It is absolutely 100% okay to not know what you want to do in life, or to be unsure. If anything, I think life is better that way as you’ll be open to a lot more opportunities. You shouldn’t define your worth by how “lazy” you are because it is natural for your productivity to fluctuate in your life, but your worth always stays the same.
Your brain is likely taking on a lot of stuff right now, just existing on social media can be exhausting, we’re constantly bombarded with everything that’s going wrong in the world right now and scrutinised if we don’t give our full attention to every individual thing every second of the day. There are so, so many terrible things happening right now, and this isn’t something that people have ever really experienced before. For the first time we’re hearing about absolutely everything and the planet is burning and there’s an entire global virus!!
It’s important to take this time to try to relax, to heal, to take care of yourself. Don’t you think you deserve that?

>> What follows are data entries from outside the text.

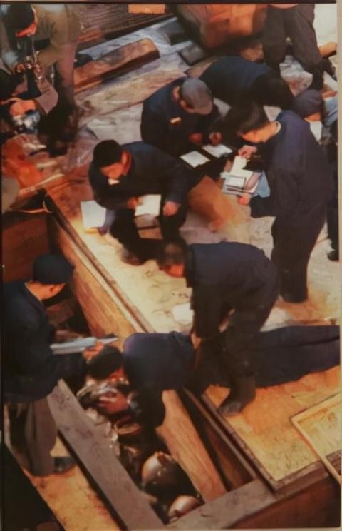 当时墓内井字形棺椁的4个边厢堆满文物,箱子太深,伸手够不到,人又不能下去,其他人经验不足,正束手无策之际,是身高臂长、不顾年迈的任全生出马,他腰系洗澡巾,让人拉着,卧在盖板上,探头伸手进去,把里面的随葬品一件一件完好地取了出来。
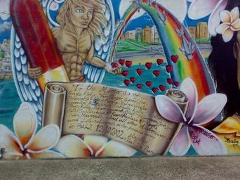 Keywords: Bali grafitti.jpg en Photograph taken in Coogee Bay of Bali Memorial Grafitti own From trip to Coogee Bay Deanrobson9 Graffiti of males
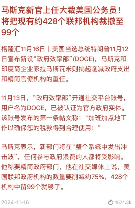 特朗普宣布將成立“政府效率部(DOGE)”,交給馬斯克和印度裔企業(yè)家拉瑪斯瓦米掌管,唯一目的就是給美國政府進(jìn)行裁員。
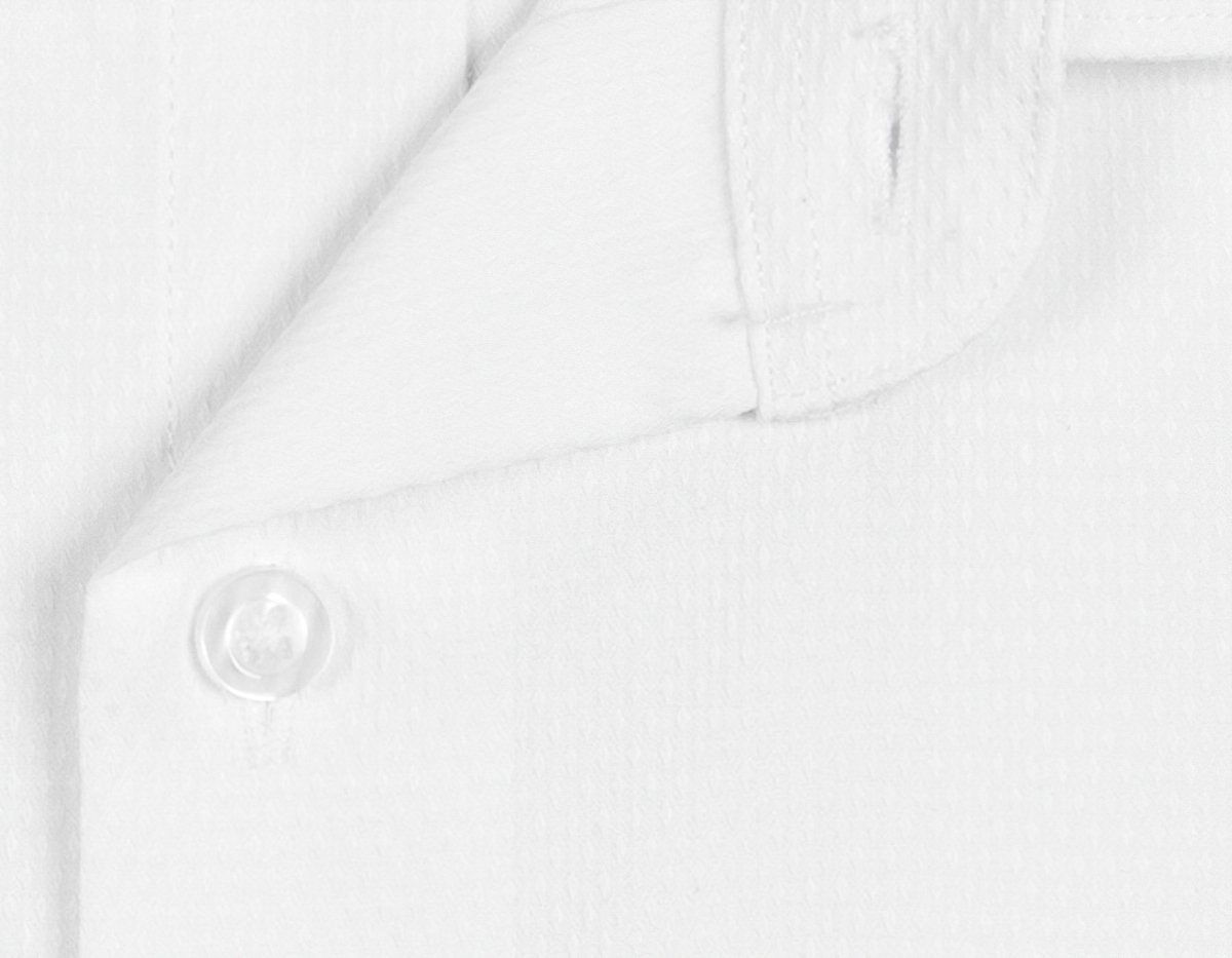Klasická pánská jednobarevná košile s dlouhým rukávem v prodloužené délce (prodloužená délka zad i rukávu), v bílé barvě s vetkávaným vzorem v projmutém (slim - zúženém) střihu. Košile je vhodná jak do obleku s kravatou, tak pro běžné nošení. Díky použití kvalitního materiálu (60% bavlna, 40% polyester) Vám bude v košili velmi příjemně. Díky nové moderní úpravě „EASY CARE“ se košile méně krčí a její žehlení je o hodně snadnější. Košili je možné prát na 40°C běžným pracím programem (není vhodné sušení v sušičce). Košile je již vysrážená, při dodržení pokynů k praní se nesrazí. Budete-li prát na nízké otáčky, práci s žehlením si u této košile můžete skoro odpustit.
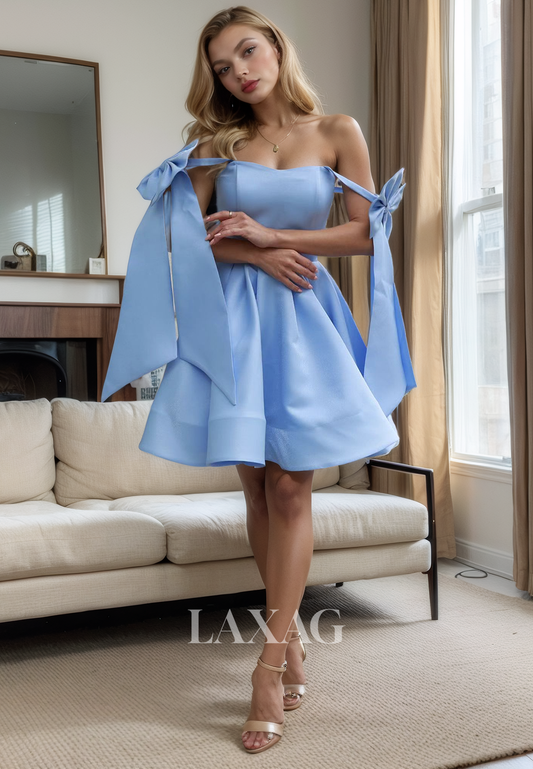 A-Line Off Shoulder Sleek Satin Elegant Party Homecoming Dress with Bow Detail
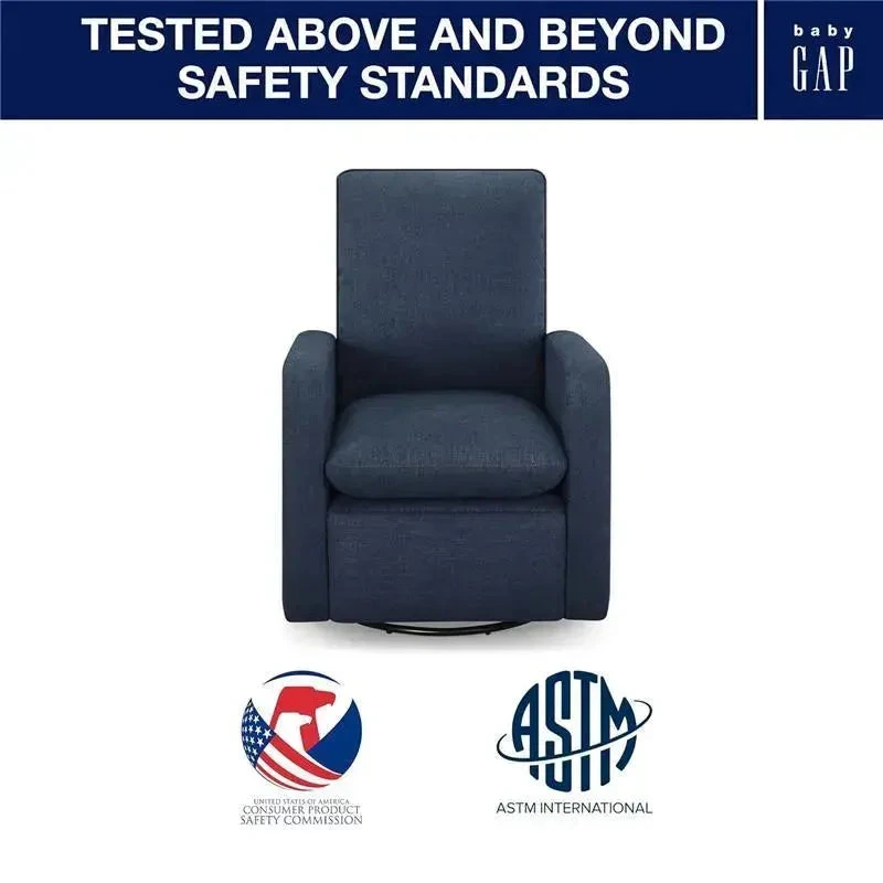 The babyGap Cloud Recliner with LiveSmart Evolve Fabric brings a modern silhouette, clean lines and plenty of cozy comfort to the nursery. The recliner features an easy-to-reach pull tab reclining mechanism that offers two recline positions (footrest up only and footrest up with back reclined), plus it swivels and glides with a smooth motion, so you won’t disrupt your little one’s sleep while you get comfortable. The included lumbar pillow provides additional support. The perfect combination of performance and suitability, the babyGap Cloud Recliner is upholstered in LiveSmart Evolve fabric that is durable, stain-resistant, and sustainably designed using fabric made from recycled plastic bottles. LiveSmart Evolve will keep the recliner looking and feeling beautiful while helping to divert as many as 30 plastic bottles from waterways and landfills per chair. Create a more sustainable future for your whole family with the babyGap Cloud Recliner.
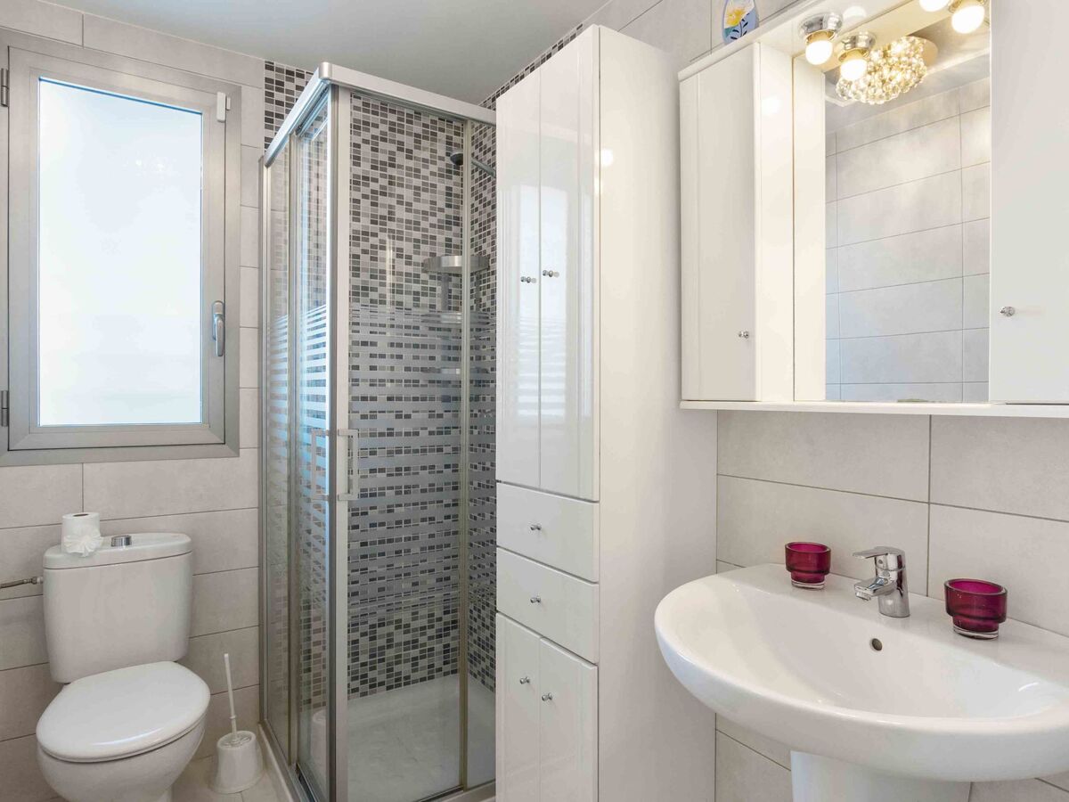 À l'étage supérieur: 1 chambre avec 1 grand-lit (1 x 190 cm, longueur 200 cm), douche/WC, air-conditionné et chauffage à air chaud.

I feel like there’s a lot of pressure to be extra productive in quarantine as you have more free time than usual, and if that works for you then great! But that doesn’t mean it’s the only option, and productivity isn’t a competition. You’re not going to get some special prize if you learn an entire language this lockdown or teach yourself how to knit. Likewise, you’re not going to be punished if you just relax and take care of yourself! Nothing bad is going to happen, you have time, I promise. Things may be on hold right now but that doesn’t mean it’s always going to be like this, it’s really just a matter or waiting, and when your life gets started back up again you can continue on! In the meantime, just think about how great you’re doing!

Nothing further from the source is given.